To rack up points, you’ll need to make a minimum of five transactions each billing cycle. To hit that benchmark, consider setting your Bilt card as the default for recurring expenses.
For the Mesa card, anyone with an eligible device can join the waitlist via the App Store or Google Play. Once invited, you’ll provide additional details for a standard credit decision.
**What rewards come with Bilt and Mesa cards?**
*Bilt Mastercard*: You can earn 1x points per dollar on rent, capped at 100,000 points annually, along with higher points for travel and dining purchases. Bilt cardholders enjoy special perks at select restaurants, fitness studios, and rideshare apps. Plus, you can transfer points through Bilt’s travel portal to maximize rewards. And, by opting to have your rent payments reported to credit bureaus, you could see a boost in your credit score if you make timely payments.
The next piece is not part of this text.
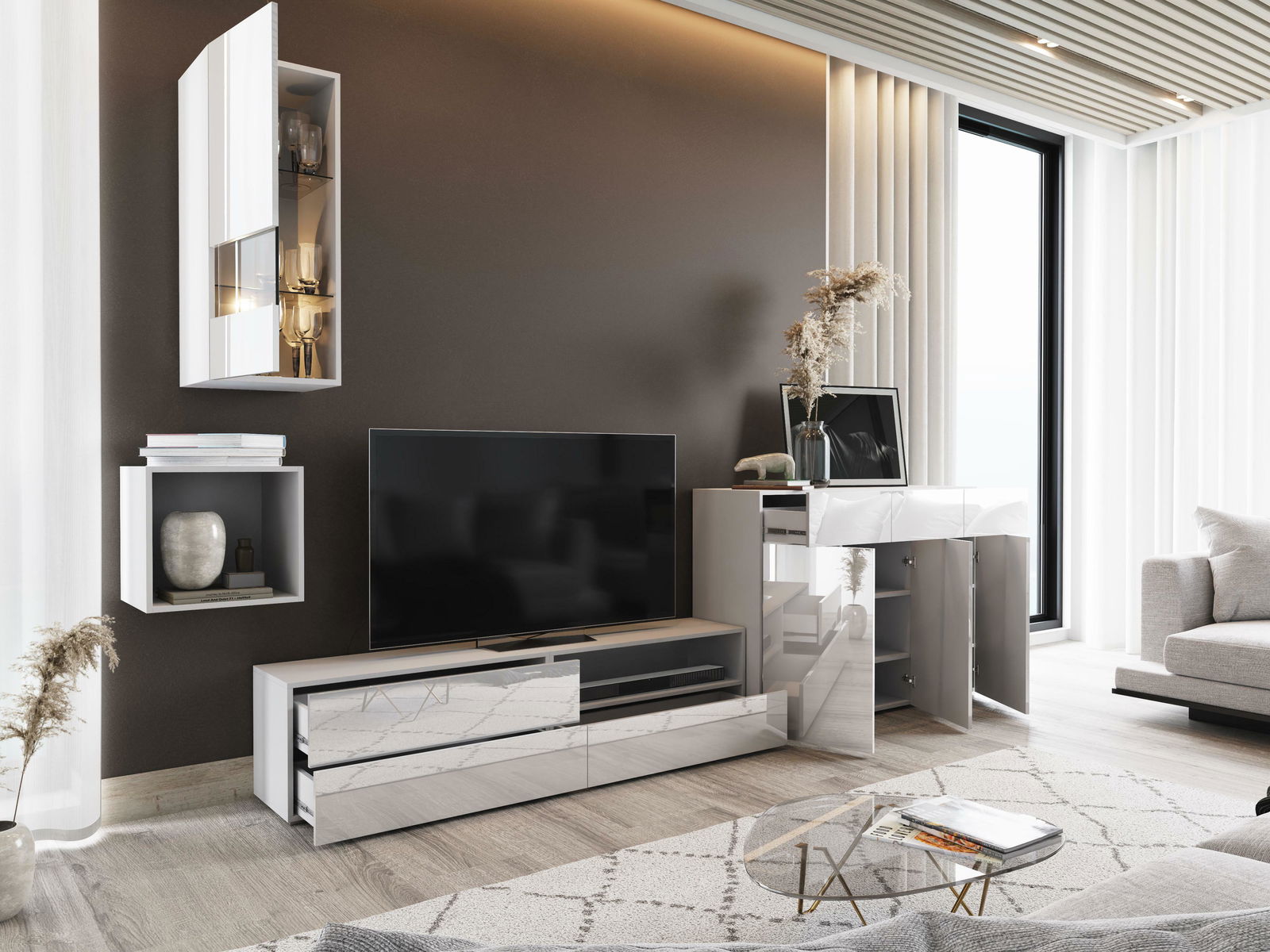 Mobilier living Berny 51 (alb + Alb lucios)

*Mesa Homeowners Visa Signature Preferred Credit Card*: Currently, interested users must join a waitlist via the app. The Mesa card has varied rewards: 1x points on mortgage payments; 2x points on daily essentials like groceries and gas; 3x points on home-related transactions; and 1x points on other purchases. Bonus perks include memberships to Sam’s Club and partnerships with services like Thumbtack and Wag!
**What protections do Bilt and Mesa offer?**
Entering sensitive information with third-party platforms can pose risks, so safeguarding your account is crucial. Both Bilt and Mesa credit cards feature standard zero liability protection to keep your financial data secure. As a co-branded Mastercard with Wells Fargo, Bilt also provides 24/7 ID theft protection.
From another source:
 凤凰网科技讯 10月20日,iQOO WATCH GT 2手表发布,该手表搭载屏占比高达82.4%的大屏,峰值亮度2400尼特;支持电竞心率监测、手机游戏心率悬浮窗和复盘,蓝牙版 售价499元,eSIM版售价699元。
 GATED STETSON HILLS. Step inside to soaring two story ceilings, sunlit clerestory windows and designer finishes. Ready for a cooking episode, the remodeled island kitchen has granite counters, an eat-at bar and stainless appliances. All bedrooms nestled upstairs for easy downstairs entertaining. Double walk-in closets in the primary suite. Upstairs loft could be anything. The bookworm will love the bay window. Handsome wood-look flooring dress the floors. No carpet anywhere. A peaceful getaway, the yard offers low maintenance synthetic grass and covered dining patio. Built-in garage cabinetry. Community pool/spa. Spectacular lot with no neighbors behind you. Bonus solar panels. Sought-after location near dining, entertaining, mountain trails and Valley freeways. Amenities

“You’ll want to ensure they have established safeguards for transmitting your payment information to your landlord or mortgage company,” suggests Jovan Johnson, a CFP and co-founder of Piece of Wealth Planning. Look for additional features like fraud alerts or virtual card numbers for extra security.
**Are housing credit cards worth the risk?**
With each credit card comes a set of perks and challenges, so doing your research is key before diving in. Bilt has a more established presence and is set to grow, while Mesa is relatively new and limited in reach—worth exploring both before making a decision.
Financial experts generally advise only using a credit card if you can pay off your balance entirely to steer clear of debt from interest accumulation. “Credit card programs are designed to encourage spending,” cautions Wirick. “As long as you can avoid falling into poor habits, give it a shot.”